Pro-government forces entered the town of Adan Yabal in Hirshabelle, about 220km (140 miles) northeast of the capital Mogadishu, after the al-Qaeda-affiliated fighters withdrew without resisting, President Hassan Sheikh Mohamud said in a televised address on Tuesday.

The army and local clan militias known as “Macawisley” have retaken swaths of territory in the central states of Galmudug and Hirshabelle in recent months in an operation backed by United States air attacks and helicopter support from an African Union (AU) force, ATMIS.

Speaking to the Reuters news agency, Adan Yabal Mayor Mahamud Hasan Mahamud said the army and militias took control of the town and the surrounding district of the same name without encountering resistance on Monday.

“Adan Yabal was very important for al-Shabab because it is the heart that connects the central regions and the south of Somalia. It was also their main base from which they manage the central regions,” Mahamud said.

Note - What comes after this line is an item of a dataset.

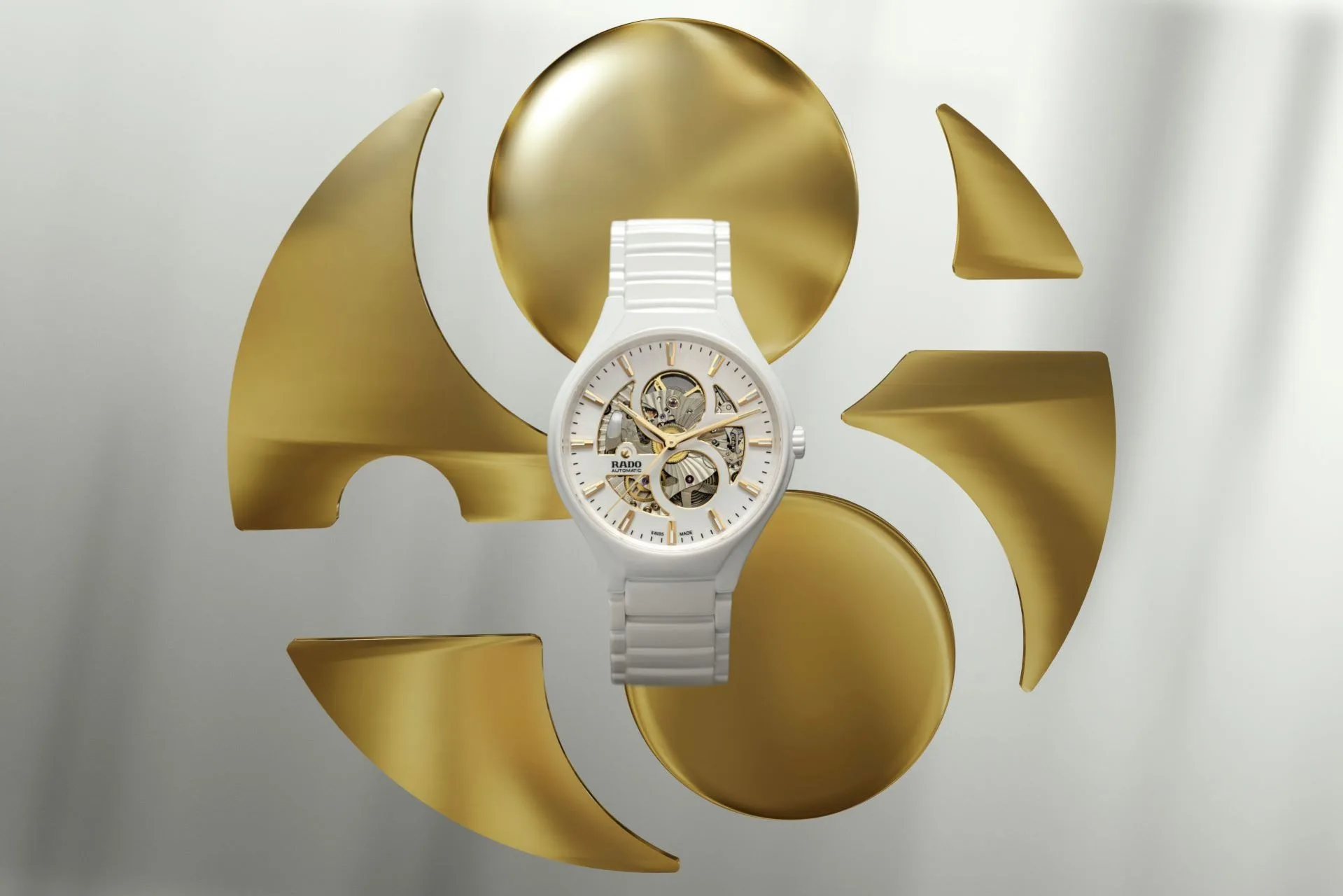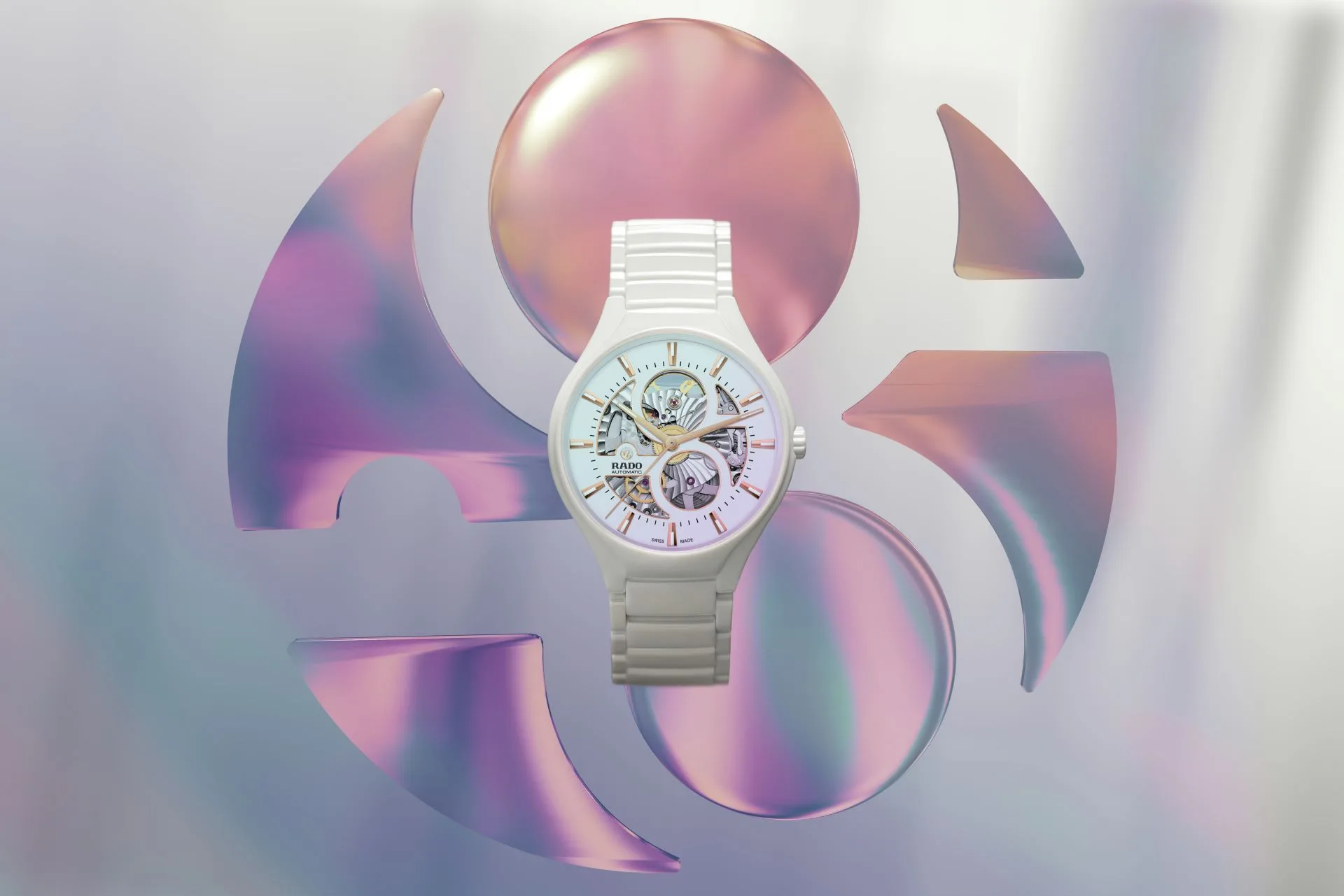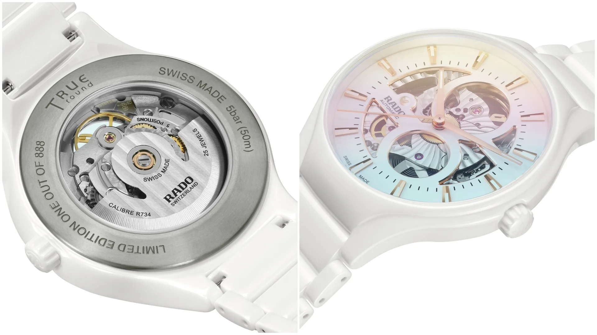 In pleasing contrast to its white sunray dial are rose gold-coloured bevels and applied indexes with white Super-LumiNova®, a rose gold-coloured moving anchor symbol on a white background and a grey printed minute track. The Rado logo is also positioned distinctively on a part of the dial extending from the outer ring to the base of the figure 8. The watch is presented on a polished white high-tech ceramic titanium bracelet with a 3-fold clasp. This special True Round Open Heart Limited Edition timepiece is delivered with a Limited Edition certificate.
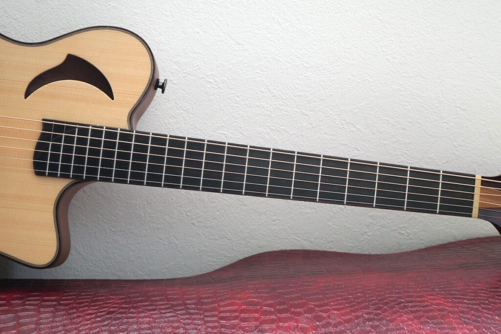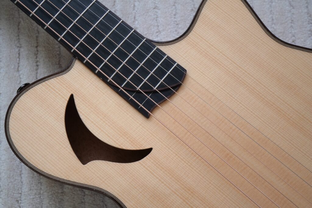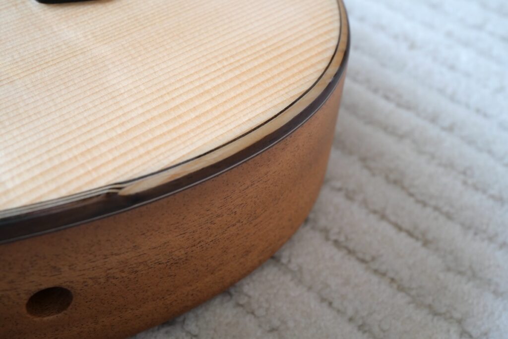 今回製作にあたり、一番気にしたのは全体のボディ厚。もう少し箱鳴り感が欲しいと思い、厚胴を採用しました。

ATMIS said al-Shabab had used Adan Yabal as a training base. The force welcomed its return to Somali government control.

The fighters, who have been waging a bloody war against Somalia’s internationally recognised federal government for 15 years, also used the town as a logistics hub.

Mohammed El-Amine Souef, head of ATMIS, said the broader campaign was delivering “destructive and decisive” blows against the group.

President Mohamud, who declared an “all-out war” against al-Shabab after his election in May, said the effort to rid Hirshabelle and Galmudug of the group was in its “final stages” with only “pockets” of resistance remaining.

AMISOM, a previous incarnation of the AU force in Somalia, had seized Adan Yabal from the fighters in 2016 before ceding control a few months later after Ethiopian troops withdrew.

Analysts say that al-Shabab often abandons areas before army offensives but the government is usually unable to hold recaptured territory, which allows the fighters to return.

Forced out of the country’s main urban centres about 10 years ago, al-Shabab remains entrenched in vast swaths of rural central and southern Somalia and continues to carry out deadly attacks in Mogadishu.

On October 29, 116 people were killed in the capital in two car bomb explosions at the education ministry, and eight civilians died in a 21-hour hotel siege on November 27.